The monitoring omission generation time specifying process S1 in FIG. 9 has thus completed. In the example in FIG. 2, if the log A1 is the monitoring omission log, and if an instance, of which transfer interval is close to the instance A and of which load was the lightest at the generation time of the monitoring omission log A1, that is 13:22, is the instance B, then the generation time of the log B1 of this instance is close to the generation time of the monitoring omission log A1. As a consequence, the collection time 13:32 of the log B1 is estimated as the time when the monitoring omission was generated due to the transfer omission of the log A1.
FIG. 17 is a diagram depicting an example of the monitoring omission generation time specified in the monitoring omission generation time specifying process S1. The logs A1, A2, B1 and B2 generated by the instances A and B in FIG. 17 are the same as the examples in FIG. 2. However unlike FIG. 2, the transfer delay due to load concentration is generated in the instance A at the transfer times 13:30 and 13:40. In this case, in the monitoring omission generation time specifying process S1, the monitoring server estimates that the monitoring omission generation time of the monitoring omission log A1 is the collection time of the log B1, that is 13:32, and estimates that the monitoring omission generation time of the monitoring omission log A2 is the collection time of the log B2, that is 13:40. As a result, the monitoring server estimates the monitoring omission generation time block as the time between 13:32 and 13:42.

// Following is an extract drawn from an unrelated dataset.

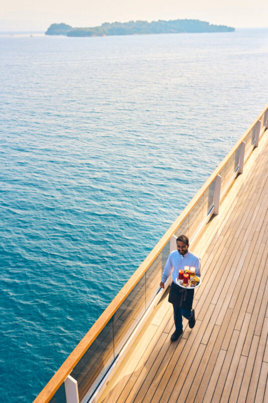 Drop anchor along the most beautiful backdrop you can imagine to say “I DO” in a dream ceremony on Evrima’s bow. This will be followed by a sunset cocktail hour on Marina Terrace, a seated reception dinner in the Observation Lounge, and an outdoor after-party on the Observation Terrace. Follow your wedding day with a tailored multi-day itinerary where every detail is taken care of and you can enjoy exploring your favorite destinations with your nearest and dearest.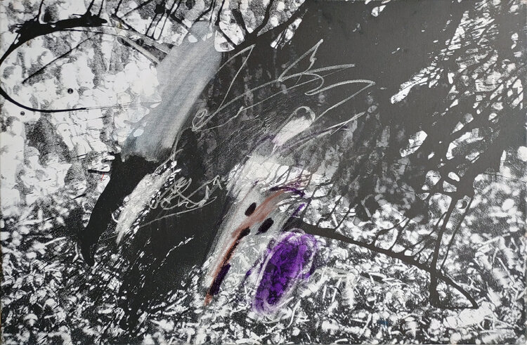 In quest'opera, ho creato una dinamica espressiva dal vivo sul palco, sulle note di musica punk, utilizzando colori acrilici, collage e gesso. Caos e tranquillità vengono catturati simultaneamente. Le forme astratte riflettono le mie tensioni e la mia energia interiore, ricordando il collage di una colonia di formiche. Conferisce un'atmosfera potente e vibrante a qualsiasi stanza e invita a lasciare che le emozioni fluiscano liberamente e a scoprire… continuamente qualcosa di nuovo.

[Monitoring Omission Pattern Constructing Process S2 in FIG. 9]
As the CPU executes the monitoring program 304, the monitoring server 30 stores the transition data on the number of instances and the performance information (e.g. load value) of each instance before and after the specified monitoring omission generation time in the monitoring omission pattern DB as the monitoring omission pattern (S2).
FIG. 18 is a flow chart depicting the monitoring omission pattern constructing process S2. As the CPU executes the monitoring program, the monitoring server extracts the transition information on the number of instances of the service system the load value of each instance before and after the monitoring omission generation time from the event log management DB and the performance information management DB (S21). Then the monitoring server stores the transition information on the extracted number of instances and the load value of each instance in the monitoring omission pattern DB as the monitoring omission pattern (S22).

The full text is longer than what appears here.